YOUR ASSIGNMENT: Retype, word for word, the line holding "This Hunter by" and every line below it to the end of the listing. Leave out the pictures.

RECORDED INFORMATION:
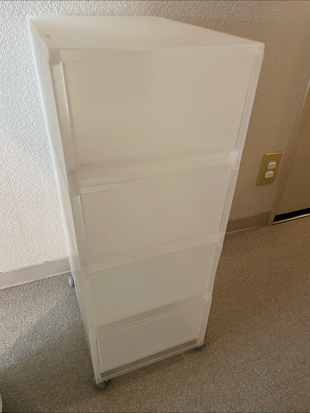 無印ポリプロピレン引き出し ワイド 旧型廃盤 無印の引き出し4段になります 使用による小傷や歪みあります
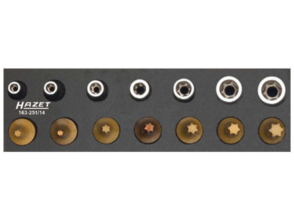 TORX sada nářadí od německého výrobce HAZET, 14 kusů v pěnové vložce, obsahuje nástrčné klíče TORX E4-E11 a šroubovákové hlavice TORX T10-T40.
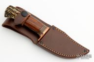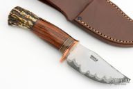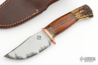 This Hunter by Rocco Handmade features a satin finished hollow ground San-Mai (416/1084) blade with .14" blade stock and 1.5" blade depth, hidden tang construction. The handle features a copper guard and spacers, black/micarta spacers, and an Ironwood grip and Sambar Stag butt with copper pin. Great look and feel. Comes with a Treeman brown leather sheath. New from maker.
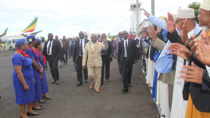Après un long périple qui l’aura conduit au Sénégal et au Royaume du Maroc le Président de la République Azali Assoumani est arrivé en début d’après-midi à Moroni, ce mercredi 19 décembre 2018. Il a été accueilli par l’ensemble des membres du Gouvernement, du cabinet du Président de la République, des Gouverneurs et une foule nombreuse, à l’Aéroport International Prince Said Ibrahim.

ANSWER SECTION:
 This Hunter by Rocco Handmade features a satin finished hollow ground San-Mai (416/1084) blade with .14" blade stock and 1.5" blade depth, hidden tang construction. The handle features a copper guard and spacers, black/micarta spacers, and an Ironwood grip and Sambar Stag butt with copper pin. Great look and feel. Comes with a Treeman brown leather sheath. New from maker.
Après un long périple qui l’aura conduit au Sénégal et au Royaume du Maroc le Président de la République Azali Assoumani est arrivé en début d’après-midi à Moroni, ce mercredi 19 décembre 2018. Il a été accueilli par l’ensemble des membres du Gouvernement, du cabinet du Président de la République, des Gouverneurs et une foule nombreuse, à l’Aéroport International Prince Said Ibrahim.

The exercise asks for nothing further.